— Господа, — лениво вытерев руки краем скатерти и пятная ее неаппетитными отпечатками измазанных в изувеченной плоти ладоней, предложила я. — Давайте на выход?
Лик, опережая мэйнов в реакции, воодушевленно вылизал мне щеки (хотя не думаю, что Багряные так уж желали изобразить именно это), и опрометью вынесся из горящего трактира. Мэйны молча кивнули, как-то уж слишком пристально на меня глядя. Это, кажется, постепенно складывалась такая мода. Я почти привыкла. Доран безмолвно прошел к дверям, тряся обожженными ладонями. Холодно-теплое безумие чуть отступило, да и неведомый третий будто сдал слегка назад, отпуская мэйна из-под контроля. 'Вот и познакомились...' — подумала я устало и мрачно, выбираясь на свежий воздух.

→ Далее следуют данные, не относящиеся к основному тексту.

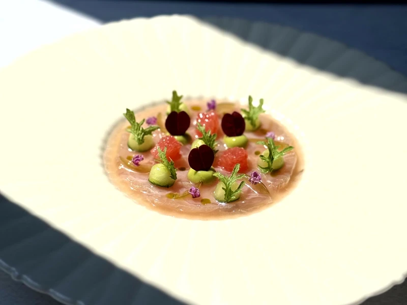 主厨以家乡澎湖的夜色为灵感,将秋冬迴游的红甘鱼轻腌轻炙,搭配葡萄柚与茉莉花茶昆布酱,营造清爽酸韵,再结合酪梨酱、小黄瓜与宝来脆梅,平衡红甘鱼的丰腴,最后使用上紫苏花与山葵叶当点缀,宛如月光在海面上粼粼闪耀。

Почти завалившись в неведомо когда выпавший вокруг трактира снег, я сквозь наползавший туман различила с десяток безумцев, повисших на моем коне и пытающихся удержать его на месте. Пришлось отлипнуть от стены и сделать еще несколько неуверенных шагов к другу. Конь разобрался с проблемой даже в чем-то изящно — он явно сменил гнев на милость, и вместо раздирания доброхотов на куски ограничился швырянием оных на соседские крыши. Он успел как раз вовремя — вместо позорного падения носом в прохладный крупитчатый экстаз я обрушилась поперек его спины и крепко вцепилась в гриву. Ашер не дал мне упасть.
Арньес тоже почему-то оказался рядом. Я развернула коня кругом, он последовал за мной, как тень. Я отступила на пару шагов, на чистом упрямстве принуждая тело шевелиться. Мэйн с любезной улыбкой подал мне руку. Я оступилась — он невесомо придержал меня со спины, а Ашер подтолкнул подмышку бархатным храпом.

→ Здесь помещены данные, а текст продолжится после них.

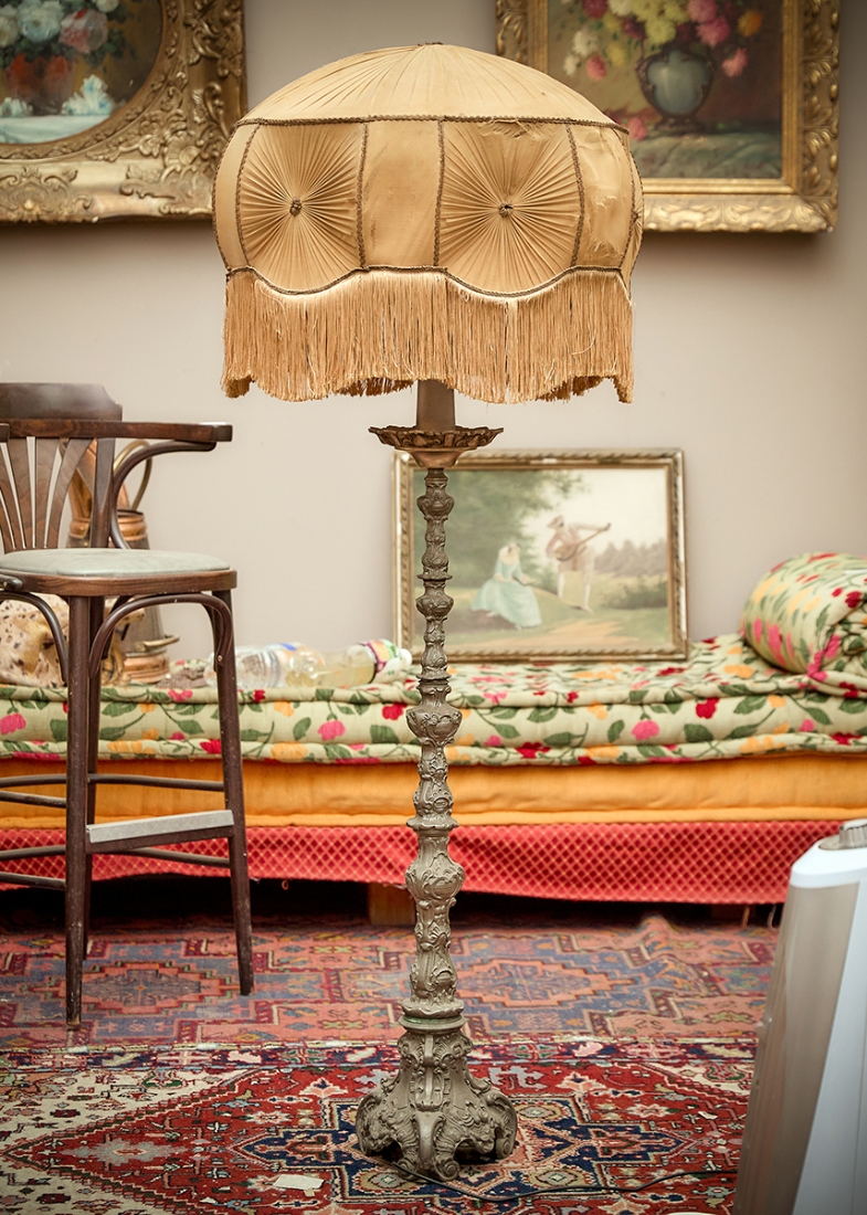 מנורת רצפה, רגל עשויה מתכת, אהיל בד

— В чем дело? — наконец, исчерпав терпение, вспылила я, изливая недовольство в не слишком-то учтивой фразе.
Нет, я не лишена некоторых выдержки и самообладания, полагаю. Но, уставшая, как собака, имею я право на некоторые комплексы?!
— Тебе не нужна моя жизнь? — как-то легко и светло спросил он.
Я споткнулась на абсолютно ровном месте. Страдальчески морщась, подняла вмиг сделавшийся несчастным взгляд.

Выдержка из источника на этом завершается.